Abreu, now 45 years old, retired with exactly 60 Wins Above Replacement, according to Baseball Reference. Among Hall of Famers who played at least 50 percent of their games in the outfield, Abreu is in the same neighborhood as Andre Dawson (64.8 WAR), Dave Winfield (64.2), Vladimir Guerrero (59.4), Willie Stargell (57.5), and is substantially ahead of Kirby Puckett (51.1).

During his prime, 1998-2004, Abreu accrued 41.5 WAR, per FanGraphs. The only outfielders with more WAR in that span of time were Barry Bonds (66.8) and Andruw Jones (43.4). He should have been a perennial All-Star but, through no fault of his own, he wouldn’t get his first All-Star nod until 2004. He would repeat in 2005. Similarly, Abreu won just one Gold Glove and one Silver Slugger, again through no fault of his own.

Abreu retired with terrific counting stats as well. He racked up 2,470 hits including 574 doubles, 59 triples, and 288 home runs. He stole 400 bases and drew 1,476 walks. There are 28 players in baseball history who have drawn 1,400-plus walks. The 500-doubles club is similarly exclusive, boasting only 63 members. Of those 63 players, 12 — including Abreu, of course — also stole 400-plus bases. Of those 12 players, four swatted at least 250 homers additionally: Abreu, Craig Biggio, Barry Bonds, and Rickey Henderson. Abreu had a very unique and elite offensive skillset, one matched by a handful of legendary players throughout baseball history.

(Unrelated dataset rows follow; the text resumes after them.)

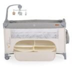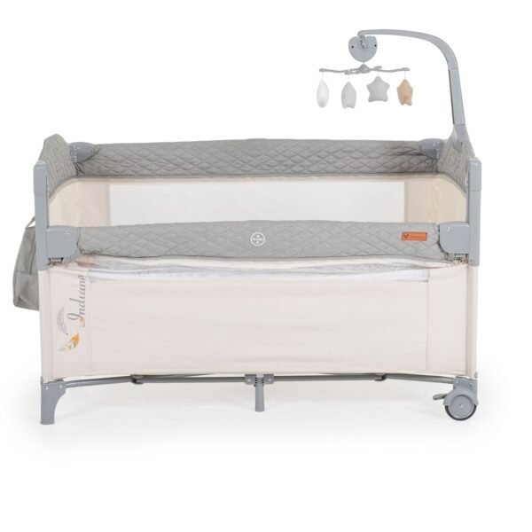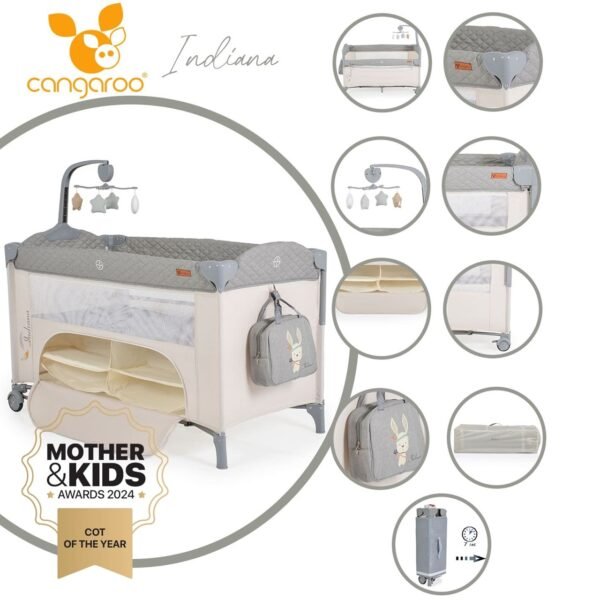 Krevati i udhëtimit për fëmijë “Indiana” është i përshtatshëm për fëmijë nga 0+ muajsh dhe me peshë maksimale deri në 14 kg. Niveli 1: I përshtatshëm për fëmijë nga 0 deri në 6 muaj. Niveli 2: I përshtatshëm për fëmijë nga 6 deri në 36 muaj. Me anë të rënies; Celular muzikor me 4 lodra të buta. Organizues i madh i brendshëm për ruajtje me zinxhir përpara për akses të lehtë. Çanta kompakte pelenash – mund të merrni me lehtësi gjithçka që ju nevojitet për të voglin tuaj në lëvizje.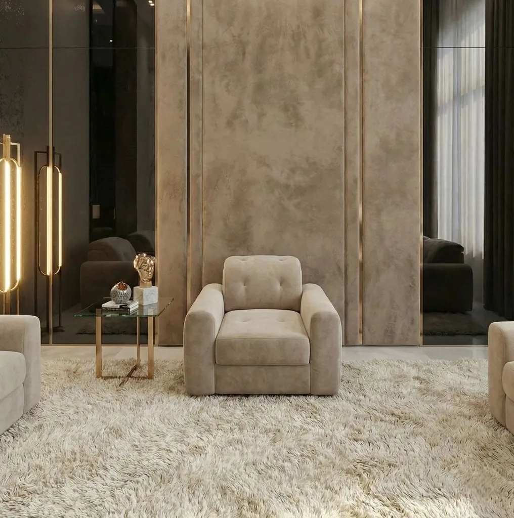 Upgrade your living space with a luxurious modern sofa set featuring a large convertible sofa, a separate armchair, and an elegant side table. Crafted from 100% natural wood for lasting durability, with high-quality treated fabric offering exceptional comfort and longevity.
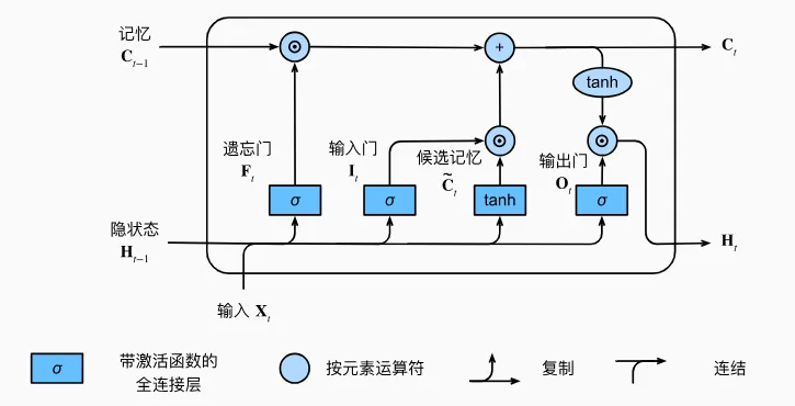 LSTM 结构图片引用:https://zh.d2l.ai/chapter_recurrent-modern/lstm.html
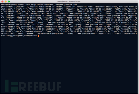 > curl http://localhost:8081/dns/www.youtube.com 很显然,用任何你想要查询的 IP 或者域名替换掉 www.youtube.com ,就可以了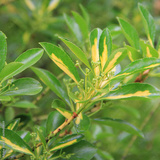 Close-up of Euonymus japonica bush with yellow and green leaves. Evergreen plant called Japanese spindle tree with blossoms
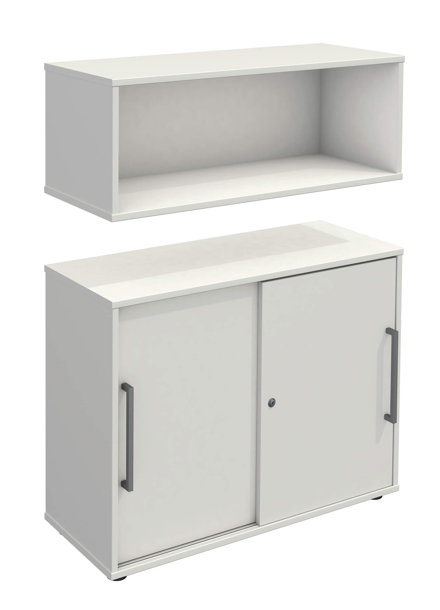Der Aufsatz (1 Ordnerhöhe) macht aus dem Schiebeschrank mit 2 Ordnerhöhen ein attraktives Highboard. Mit der Sichtrückwand kann der Aufsatz auch frei im Raum aufgestellt werden. So können Sie diese Variante als Raumtrenner an Schreibtischen einsetzen.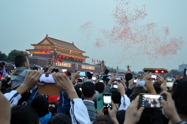 今日的天安门广场花团锦簇,喜气洋洋,一派祥和的景象深入人心。6点10分,五星红旗伴随着雄壮的国歌声冉冉升起,最后矗立在首都北京天安门的上空迎风飘荡。升旗仪式礼毕后,1万只白羽鸽和1万个气球一起齐飞,飞翔于蓝天之下,这预示着我们伟大祖国的明天更加美好,更加辉煌!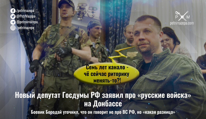 «Я считаю, что это принципиальный момент. И то [на Донбассе] русские войска, и Вооруженные силы РФ — тоже русские войска… Да, одни русские войска называются корпусами народной милиции "ДНР" и "ЛНР", а другие называются просто российской армией. Какая разница?», - заявил Бородай.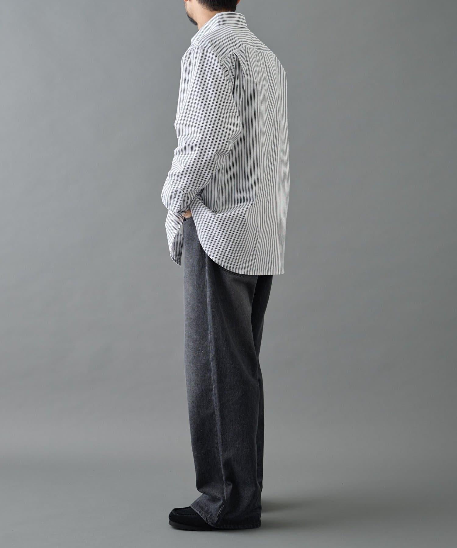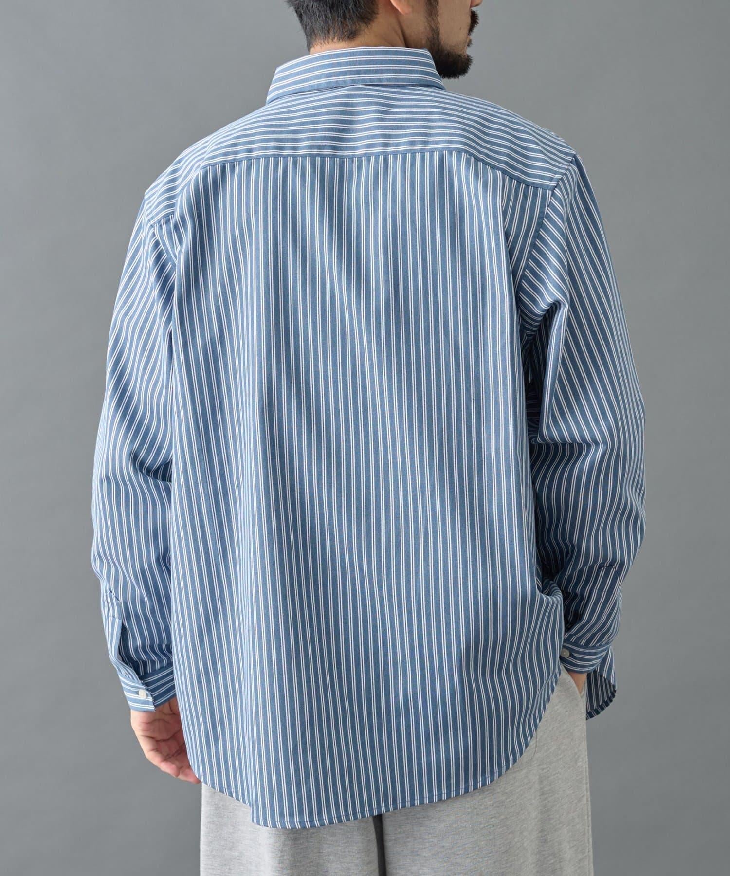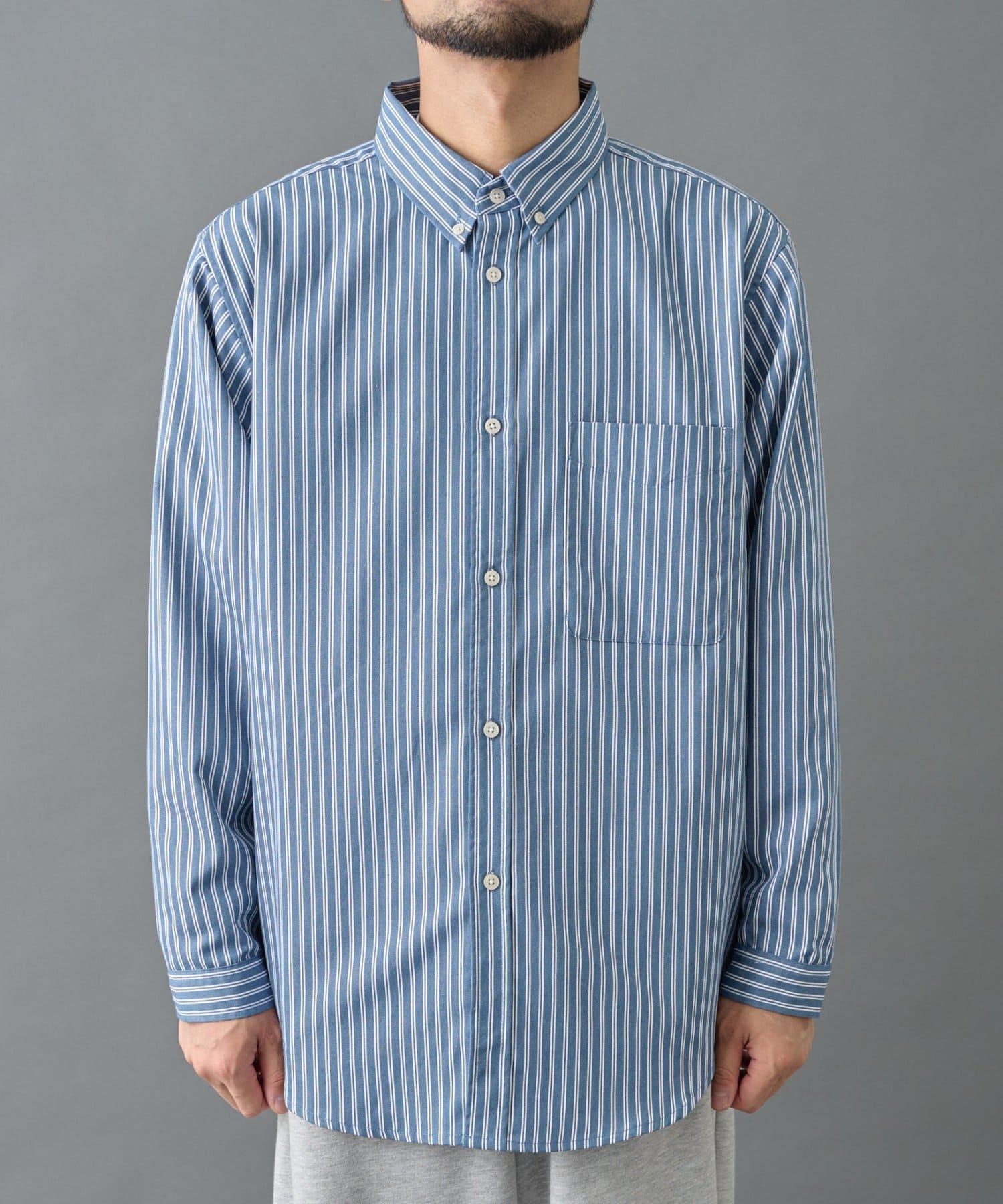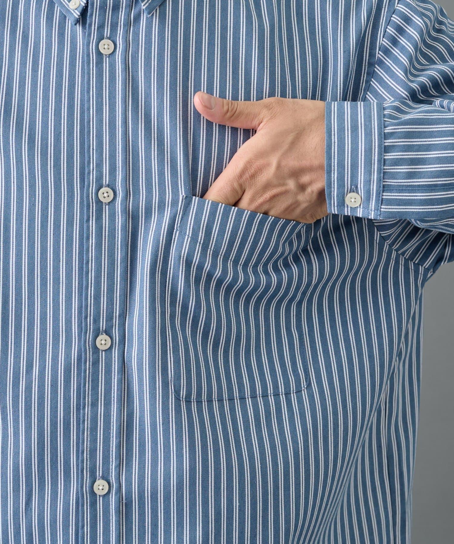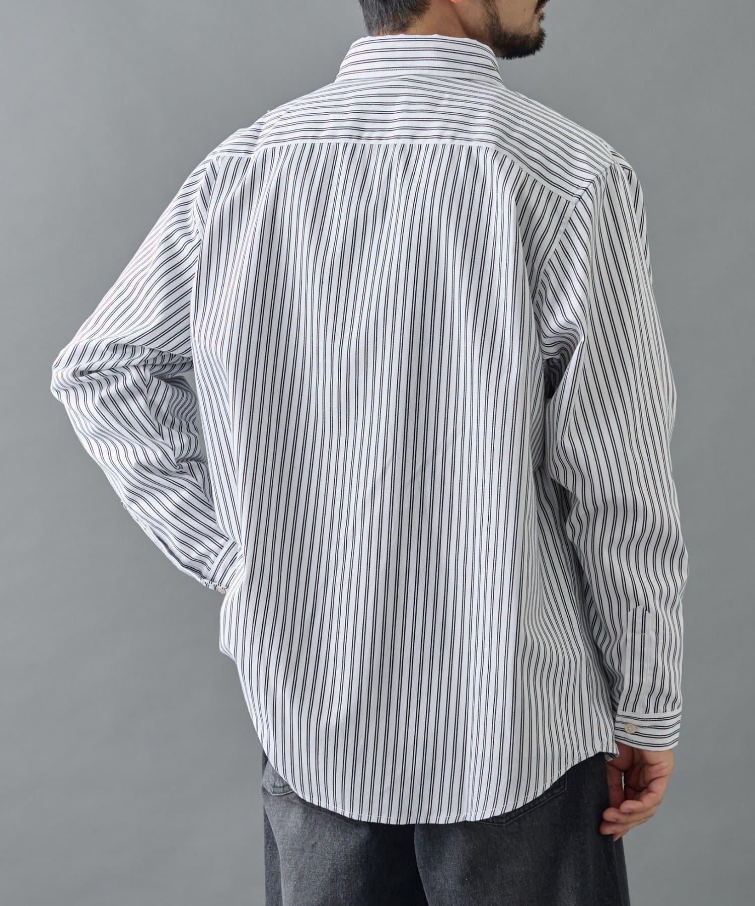 這款紐扣襯衫色調柔和,提花條紋精緻細膩。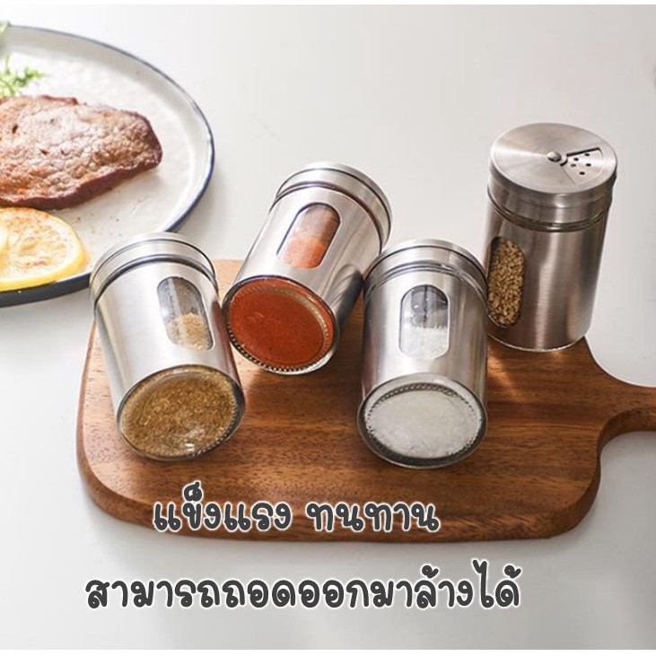 MUSI.HOME【ราคาถูก】H24 ขวดใส่เครื่องปรุงป่น ขวดพริกไทย กระปุกเครื่องปรุง ใสเห็นด้านใน ฝาสแตนเลส พริกป่น เครื่องปรุงผง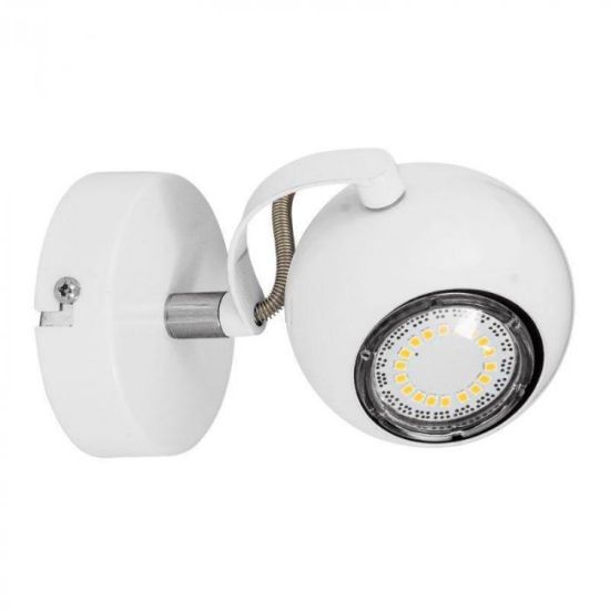 Jednopunktowy spot na żarówkę GU 10 w kolorze białym, idealny na sufit bądź ścianę w pomieszczeniu, w którym potrzeba jest kierunkowego oświetlenia.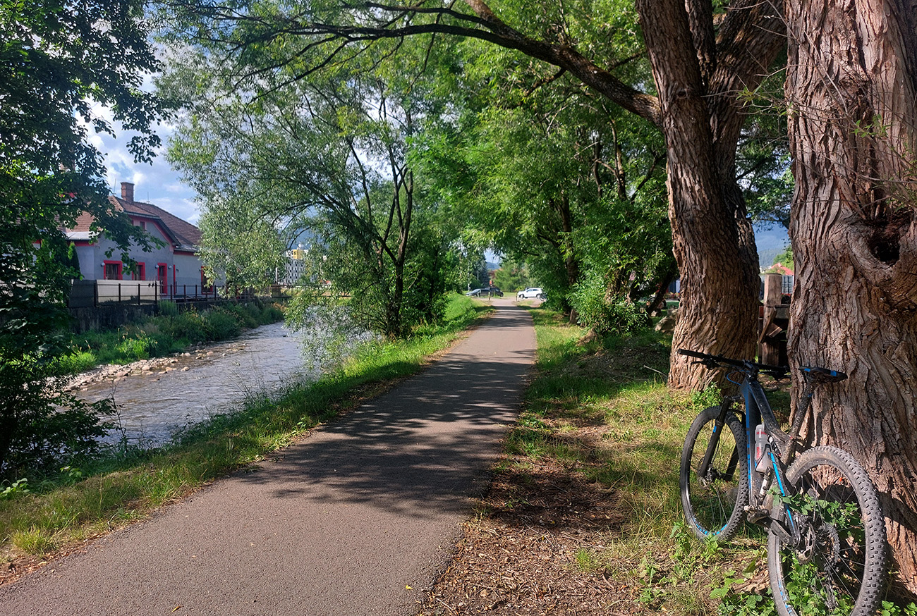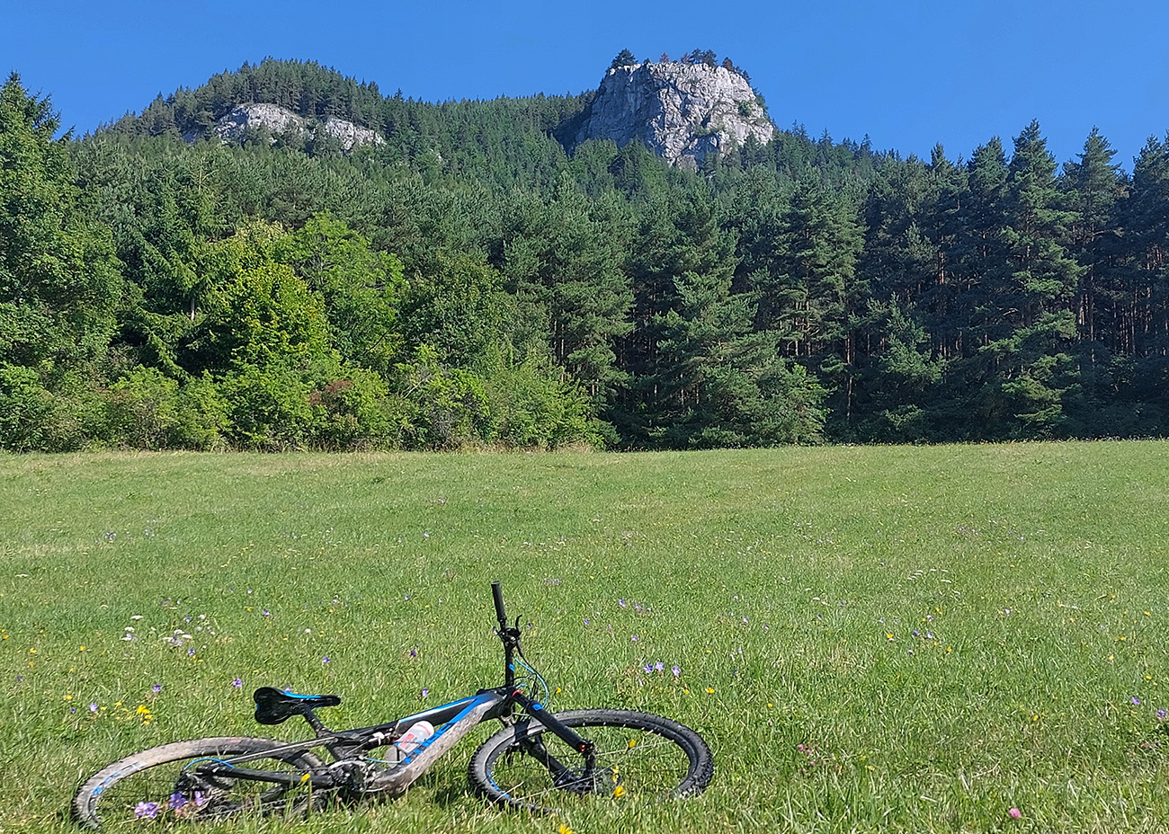 Popod Liptovský hrad (najvyššie položený na Slovensku, keby niečo) je to smerom na Liptovskú Annu jasné, ale strméééé! A po lúkach s číhajúcimi rojmi ovadov. Hore v Sedle pod Kráľovou som sa zamotal, ako som sa im snažil ujsť a zároveň nájsť začiatok zjazdu po červenej značke, v metrovej burine. Keď som našiel ten úzky chodník, už bolo dobre, len šľahúne šľahali chvíľu z oboch strán ako besné, až po lakte. Dole popri potoku naopak široká asfalto-šotolina a odtiaľ až do konca už prevažne po cyklotrasách.

Abreu’s candidacy is hurt by a few factors. The lack of hardware, as mentioned, which isn’t his fault. Secondly, Abreu he didn’t get a real shot in the postseason until 2006 with the Yankees and while his overall playoff numbers are solid, he didn’t do anything particularly noteworthy like, say, Jack Morris. For some people, the postseason résumé matters. Abreu rarely led the league in any one category, doing so only in 1999 with 11 triples and in 2002 when he led the NL with 50 doubles. Lastly, Abreu didn’t have a particularly high peak. His best year was 2004, when he posted 6.6 WAR. He actually had seven seasons of at least five WAR. His former teammate Scott Rolen, by comparison, peaked at 9.2 WAR in ’04. Abreu was extremely consistent but he never had a year in the forefront of the MVP Award conversation; his highest finish was 12th place in ’09 with the Angels when he was given two of 30 fifth-place votes.

There are more deserving players on the ballot, for sure. Barry Bonds, Roger Clemens, and Manny Ramírez would be slam dunk Hall of Famers if not for the specter of performance-enhancing drugs surrounding them. Larry Walker has been more criminally underrated than Abreu, and one could say the same of Rolen. Curt Schilling has some extracurricular activities hurting his candidacy, otherwise he’d be a shoo-in. Abreu is right up there in that second tier of players on the ballot. Voters who are being stingy with their votes ought to consider Abreu’s case deeply.